THE DATA:
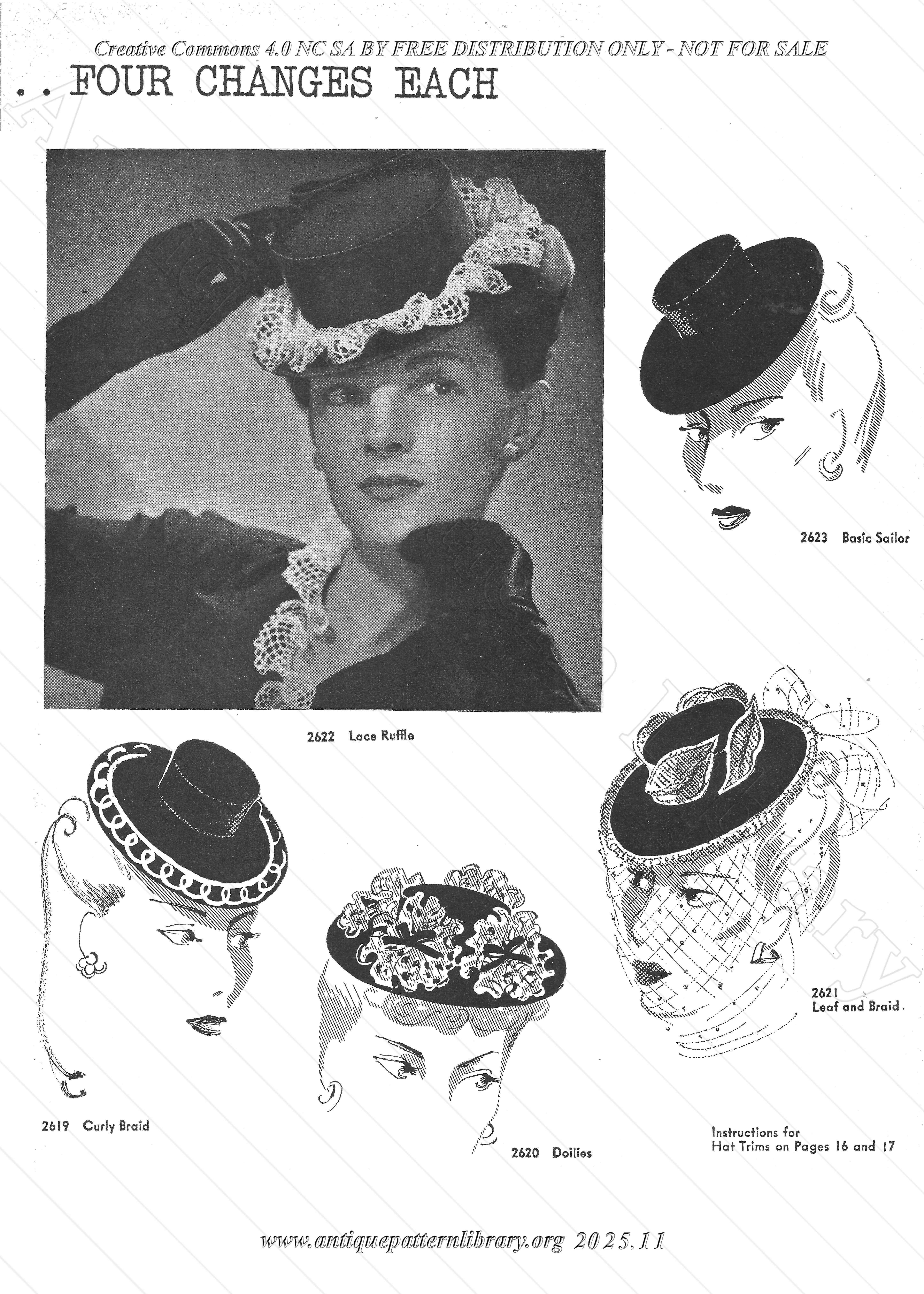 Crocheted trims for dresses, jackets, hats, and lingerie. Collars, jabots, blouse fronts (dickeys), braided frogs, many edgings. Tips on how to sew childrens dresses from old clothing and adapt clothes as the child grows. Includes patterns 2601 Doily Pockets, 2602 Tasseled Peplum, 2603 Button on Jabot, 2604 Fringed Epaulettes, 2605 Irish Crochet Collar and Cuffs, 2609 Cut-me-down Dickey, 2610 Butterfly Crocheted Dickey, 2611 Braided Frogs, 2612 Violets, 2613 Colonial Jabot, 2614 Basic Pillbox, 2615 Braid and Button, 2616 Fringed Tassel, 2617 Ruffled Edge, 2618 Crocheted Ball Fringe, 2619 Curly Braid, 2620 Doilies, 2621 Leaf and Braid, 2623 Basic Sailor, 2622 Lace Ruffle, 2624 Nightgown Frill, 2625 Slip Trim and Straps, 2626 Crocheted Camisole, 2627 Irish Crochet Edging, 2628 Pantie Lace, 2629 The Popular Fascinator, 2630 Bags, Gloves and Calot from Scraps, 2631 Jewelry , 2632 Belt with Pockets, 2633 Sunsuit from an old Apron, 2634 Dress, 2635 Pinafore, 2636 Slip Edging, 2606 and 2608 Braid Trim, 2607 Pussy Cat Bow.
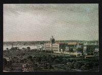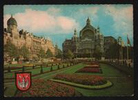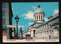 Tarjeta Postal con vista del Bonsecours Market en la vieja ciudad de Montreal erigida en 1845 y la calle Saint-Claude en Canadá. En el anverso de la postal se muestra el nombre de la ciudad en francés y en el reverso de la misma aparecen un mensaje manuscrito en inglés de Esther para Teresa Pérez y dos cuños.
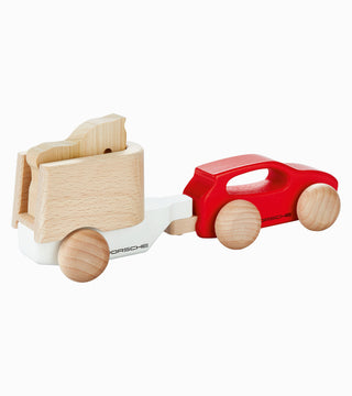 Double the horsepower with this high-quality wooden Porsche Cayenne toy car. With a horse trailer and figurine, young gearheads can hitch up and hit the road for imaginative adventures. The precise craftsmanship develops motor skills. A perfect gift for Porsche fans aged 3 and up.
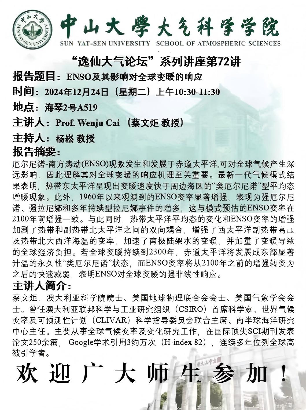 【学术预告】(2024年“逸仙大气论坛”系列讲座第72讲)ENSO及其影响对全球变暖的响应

WORK TO BE COMPLETED:
Would you transcribe, exactly and only, the lines from the one that contains "Double the horsepower" through the last line of the data above, without any pictures?

SOLVED PROBLEM:
 Double the horsepower with this high-quality wooden Porsche Cayenne toy car. With a horse trailer and figurine, young gearheads can hitch up and hit the road for imaginative adventures. The precise craftsmanship develops motor skills. A perfect gift for Porsche fans aged 3 and up.
 【学术预告】(2024年“逸仙大气论坛”系列讲座第72讲)ENSO及其影响对全球变暖的响应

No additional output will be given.